Strongly and statically typed means a program's types are checked at compile-time with no coercion

Quicksort


quicksort :: Ord a => [a] -> [a]
quicksort []     = []
quicksort (p:xs) = (quicksort lesser) ++ [p] ++ (quicksort greater)
where
    lesser  = filter (< p) xs
    greater = filter (>= p) xs

IO

IO is fundamentally impure, how does it work in Haskell?

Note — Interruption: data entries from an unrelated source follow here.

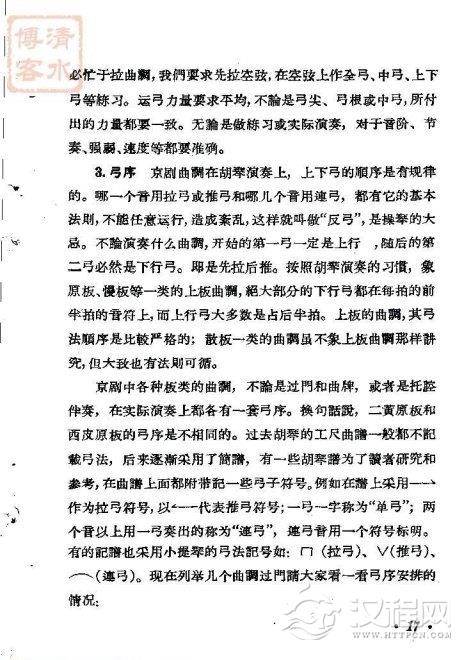 [导读]杨宝忠京胡演奏经验谈摘录:著名京胡大师杨宝忠先生,1930年代中期由老生演员改为琴师后,因超凡脱俗的琴艺而被世人赞为“胡琴四义”之一。杨先生的演奏极富激情,勇于改革创新。左手指音清脆明朗、干净利落、骨力饱满;右手功力磁实,腕力强健,特别是快尺寸的板式,快而不乱、快而有味,清楚干净,韵味十足。小编今天和大家一起分享电子版内容,一起开始学习吧……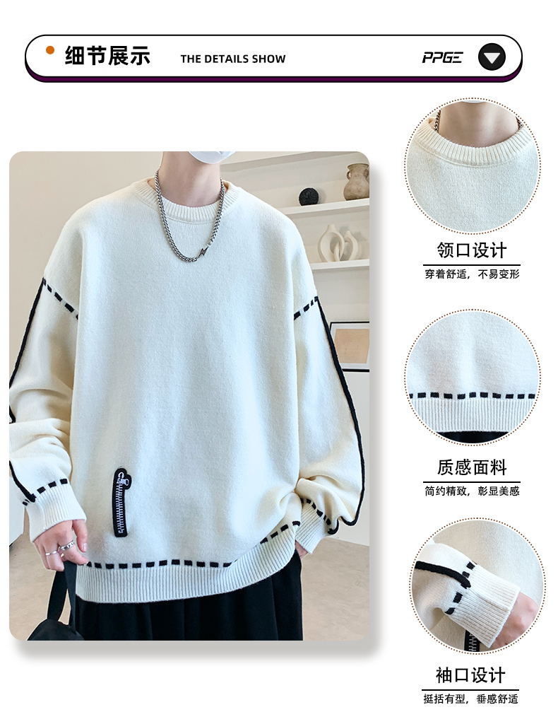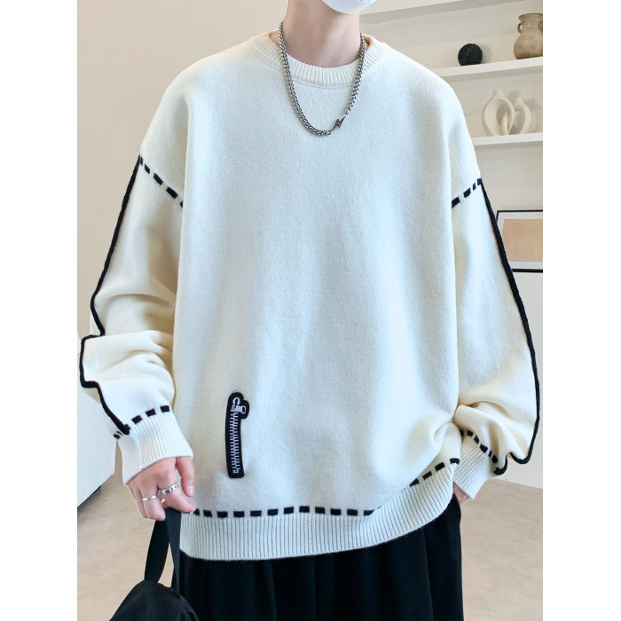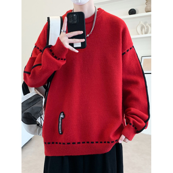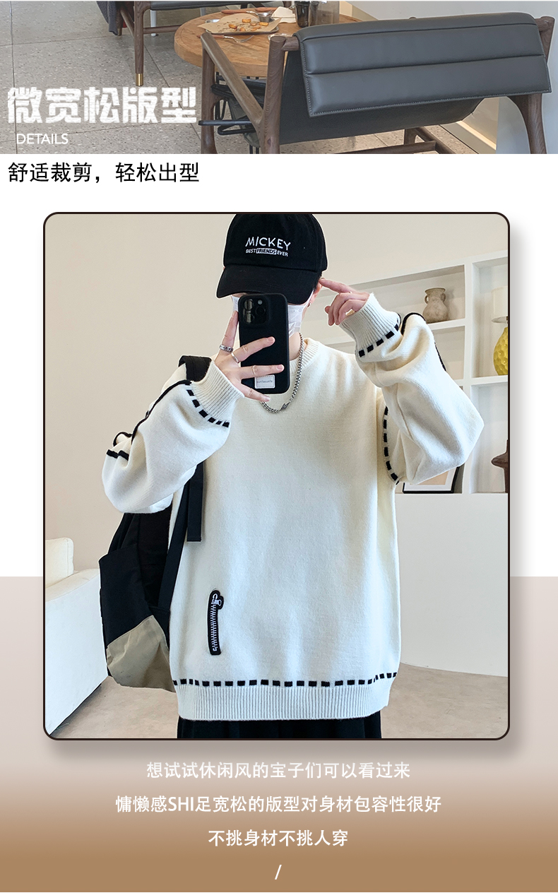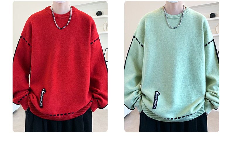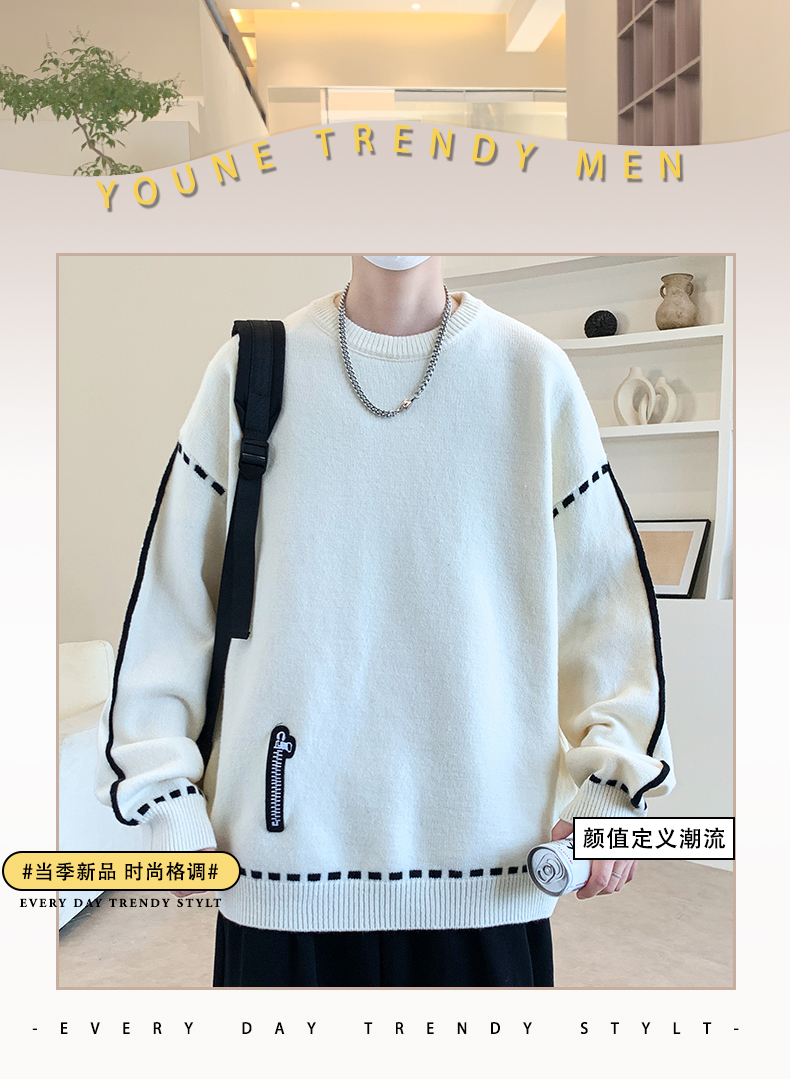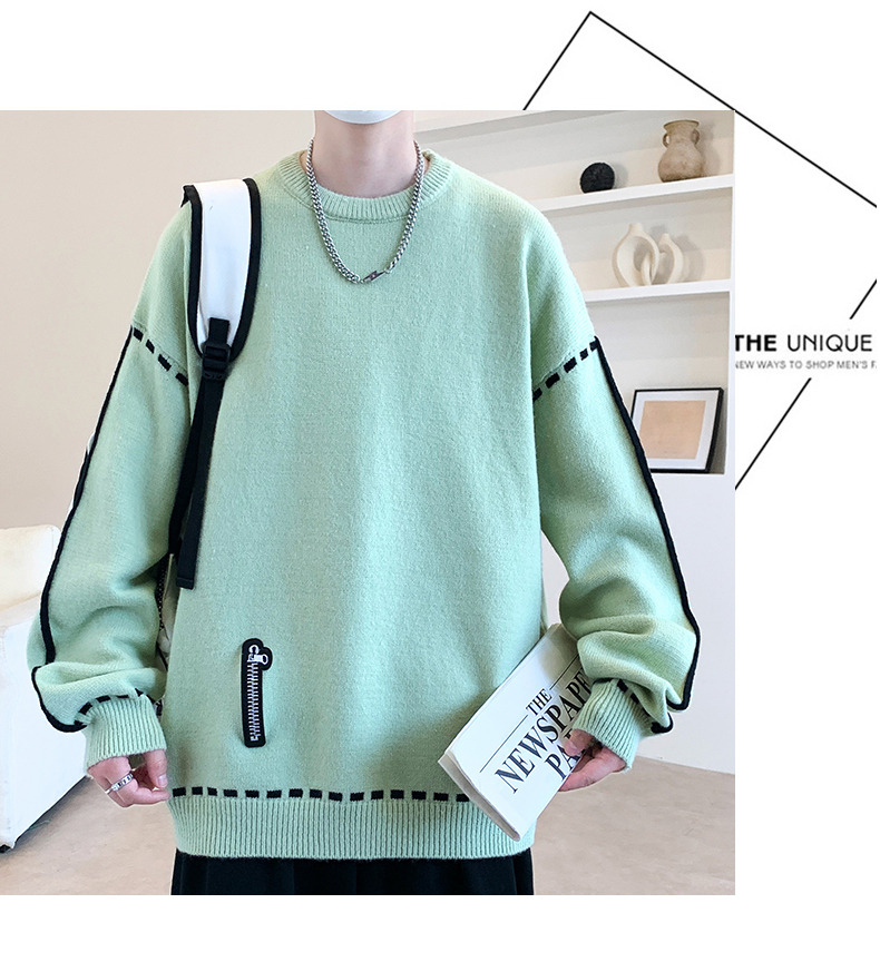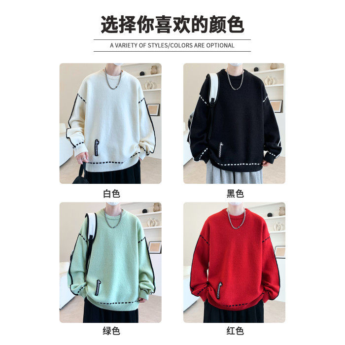 圓領毛衣男秋冬季學院風針織衫男寬松線條感撞色毛衫青少年毛線衣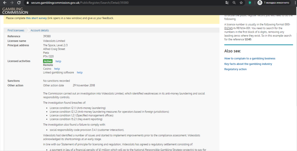 Если казино получало лицензию Великобритании, то будет предоставлен полный отчет, в котором указывается:

We represent impure actions as IO actions

We compose IO actions using an IO monad

Haskell runs the IO action called 'main' with special semantics

An example


main :: IO ()
main = do
    putStrLn "I get printed to stdout"
    putStr "I'm a prompt: "
    input <- getLine
    putStr "\n"
    putStrLn input 

Other Haskell Features

  • Painless, lightweight pure parallelism
  • Lightweight concurrent threads (with forkIO)
  • Rich type-system at the limit of decidability

Advantages

  • Idiomatic Haskell is easy to understand
  • Concise
  • The type system is your best friend
  • Composition, not hierarchy
  • Speed

Why Haskell in the Cloud?

  • Haskell gives a unique combination of safety and abstraction
  • Functional languages encourage the 'right' architecture for distribution (eg. MapReduce)
  • Haskell's constraints lead to novel programs

Cloud Haskell

Cloud Haskell is a domain-specific language for developing programs for a distributed computing environment, shallowly embedded in Haskell, providing a message-passing communication model.

Features

  • Erlang-inspired message passing
  • Serialising (some) function closures across networks
  • Compatible with existing shared memory concurrency

In short, trying to leverage the best of Haskell and Erlang

Let's break it down

Cloud Haskell programs are made up of:

  • Processes
  • Channels & Messages
  • Process monitoring, management, and init abstractions

Some points

  • Processes can run anywhere (including forkIO!)
  • The programmer builds their program out of processes communicating via channels.
  • Only in the main IO code do they deal with the service provider.
cloud haskell

Echo in Cloud Haskell


echoRemote :: () -> Backend -> Process ()
echoRemote () _backend = forever $ do
  str <- expect
  remoteSend (str :: String)

echoLocal :: LocalProcess ()
echoLocal = do
  str <- liftIO $ putStr "# " >> hFlush stdout >> getLine
  unless (null str) $ do
    localSend str
    liftIO $ putStr "Echo: " >> hFlush stdout
    echo <- localExpect
    liftIO $ putStrLn echo
    echoLocal

Competitors

Erlang/OTP is the most similar technology

Sizeable, mature industry deployments.

Has domain-specific features baked in (binary pattern-matching!)

Google's Go has a pragmatic take on channels and concurrency.

My Project(s)

  • aws-service-api
  • distributed-process-aws

aws-service-api

A Haskell library for managing the creation of 'Cloud Services'

Create a VM, find available cloud services, parse AWS output to be usable by Cloud Haskell.

Majority of the work was here, interfacing with AWS

distributed-process-aws

A Haskell library, built on top of aws-service-api

Allows AWS to be a Cloud Haskell Service Provider

Majority of this was an adaption of the existing distributed-process-azure library to work on AWS

Adaptive Primitives

Two additions to the aws-service-api library over its azure cousin are createVM and shutdownVM

These automatically add and remove VMs from a Cloud Service

Bubbled up to distributed-process-aws they allow us to expose the following high-level API:


scaleUp :: CloudService -> Int -> CloudService
scaleDown :: CloudService -> Int -> CloudService

What's The Benefit?

  • AWS is the largest public cloud in the world
  • Previously Cloud Haskell didn't take advantage of cloud's ability to scale
  • Now the system itself can decide how many machines it runs on
  • Opens Cloud Haskell up to a number of adapative applications

Challenges

  • Azure counterparts are 2 years old and unmaintained
  • Problems with Haskell's ecosystem
  • API Transparency

Demo

The Demos

Two demos, Fibonacci and Echo

Echo is an expansion of the code you saw earlier

Fibonacci demonstrates the serialization of functions

Future Work

Better AWS primitives

Specifically, find a way to expose instance types to higher level programs

Questions?